Fotografado em um belíssimo preto-e-branco por Vladislav Opelyants, que emprega uma grandiosa razão de aspecto (2.76:1) para criar espaços amplos que os personagens ocupam com sua vitalidade (além de permitir a composição de quadros como aquele em que vemos Natasha e Mike em um canto, em primeiro plano, e Viktor no oposto, ao fundo), Verão é enriquecido também pela excepcional montagem de Yuri Karikh, que se destaca especialmente nas sequências musicais. Aliás, estas assumem um caráter de realismo fantástico por surgirem em situações e cenários prosaicos, como um trem ou ônibus, quando grafismos piscam de repente na tela e coadjuvantes insuspeitos começam a cantar – muitas vezes desafinadamente – versos de Psycho Killer ou Call Me (sim: Blondie). Enquanto isso, é divertido notar como um dos personagens assume o papel de identificar para o espectador as (várias) liberdades criativas do roteiro, erguendo cartazes de “Isto não aconteceu” depois de certas cenas ou de “Ele não se parece com (o original)” quando Teo Yoo surge na pele de Viktor.

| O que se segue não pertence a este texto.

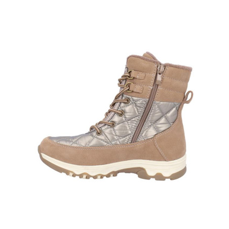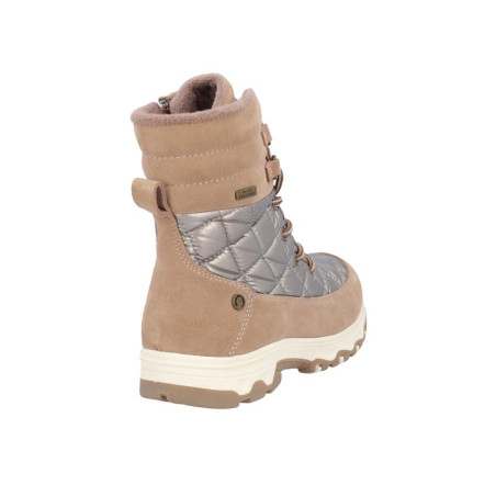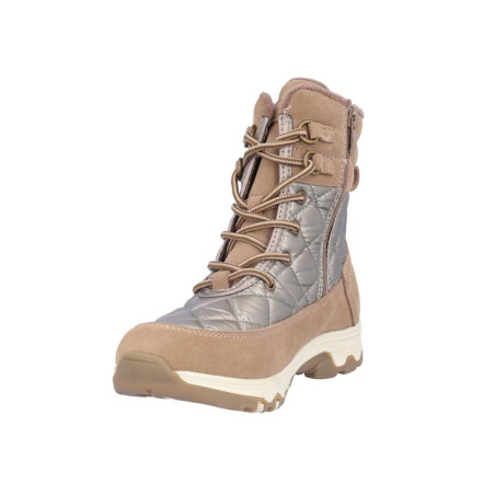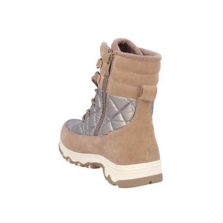 Botines impermeables Coronel Tapiocca mujer, fabricado en serraje y tejido resistente al agua color taupe, forro de tejido, cierre de cordones y cremallera interior para facilitar la puesta y retirada del producto, plantilla textil extraible termoconformada, altura de caña 15 cm, altura de suela 3 cm. Composición: Empeine: textil. Forro y plantilla: Textil. Suela: Fibra sintetica. Componente principal: textil

As atuações do trio central, por sinal, tornam a dinâmica entre os personagens rica e sempre surpreendente: Yoo, como Viktor, ilustra a admiração deste por Mike e sua necessidade constante de ser por este reconhecido, ao passo que Roman Bilyk compõe Mike como um sujeito que faz questão de sempre projetar uma imagem descolada, mesmo impassível, ainda que esteja experimentando um tumulto interno sem igual. Além disso, é tocante ver o contraste entre sua imagem de astro para os fãs e sua realidade pessoal difícil, na qual é obrigado a trabalhar em uma fábrica e a desenhar sozinho os cartazes de seus shows. Ainda assim, o destaque do filme é Irina Starshenbaum, que, como Natasha, é a encarnação da Musa, assumindo também o papel de conselheira do marido ao apontar, por exemplo, como a presença de back vocals pode “diluir a essência do rock de garagem”.

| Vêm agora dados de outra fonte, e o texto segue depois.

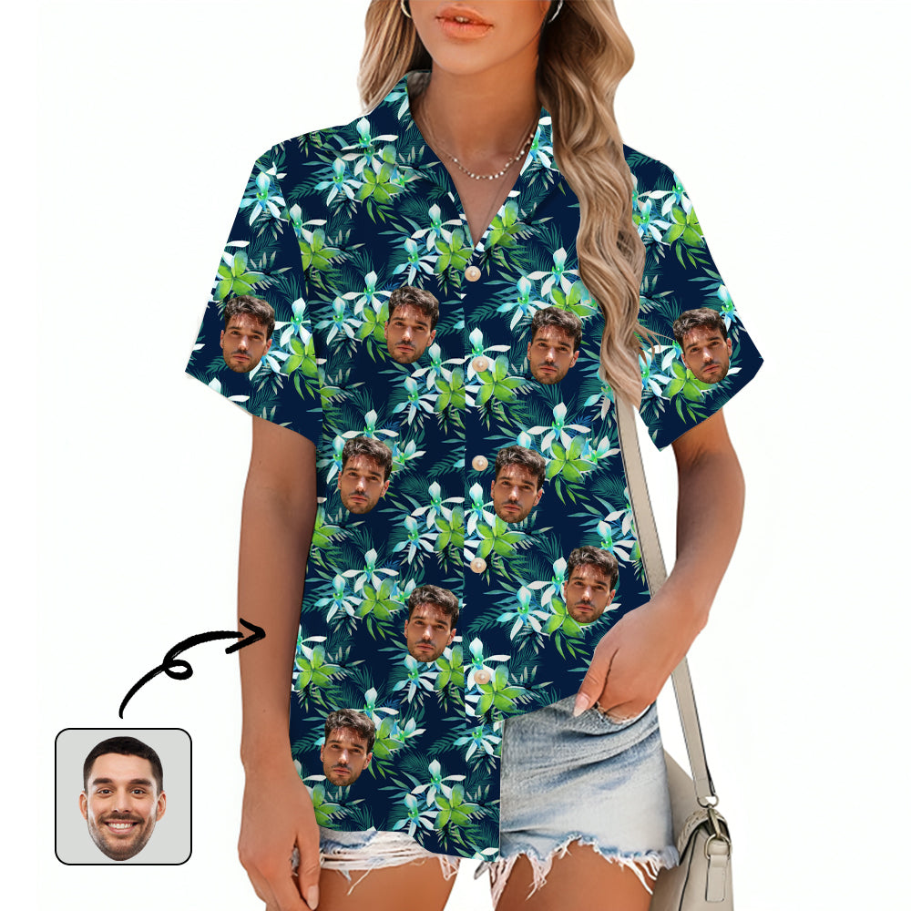 (Tax Included) Custom Face Hawaiian Shirt - Personalized Tropical Party Wear For Women Vacation

Funcionando ao mesmo tempo como recriação de uma época significativa da música soviética (e russa) e como drama romântico sobre três pessoas que se amam, se admiram, mas podem se machucar justamente por isso, Verão compreende como um gesto inocente se torna imediatamente significativo apenas por ser mantido em segredo e como alguém apaixonado pode deixar o ego de lado por saber que a criatura amada está feliz, mesmo que isto lhe provoque dor.
Divertido e cheio de energia, este é um filme que consegue ser simultaneamente nostálgico e contemporâneo, fazendo jus ao magistral trabalho anterior de Serebrennikov, O Estudante. E que o governo russo mantenha o cineasta em prisão domiciliar e o tenha impedido de vir ao Festival de Cannes para apresentar sua obra comprova apenas como a boa Arte continua a assustar os poderosos.
Texto originalmente publicado como parte da cobertura do Festival de Cannes 2018.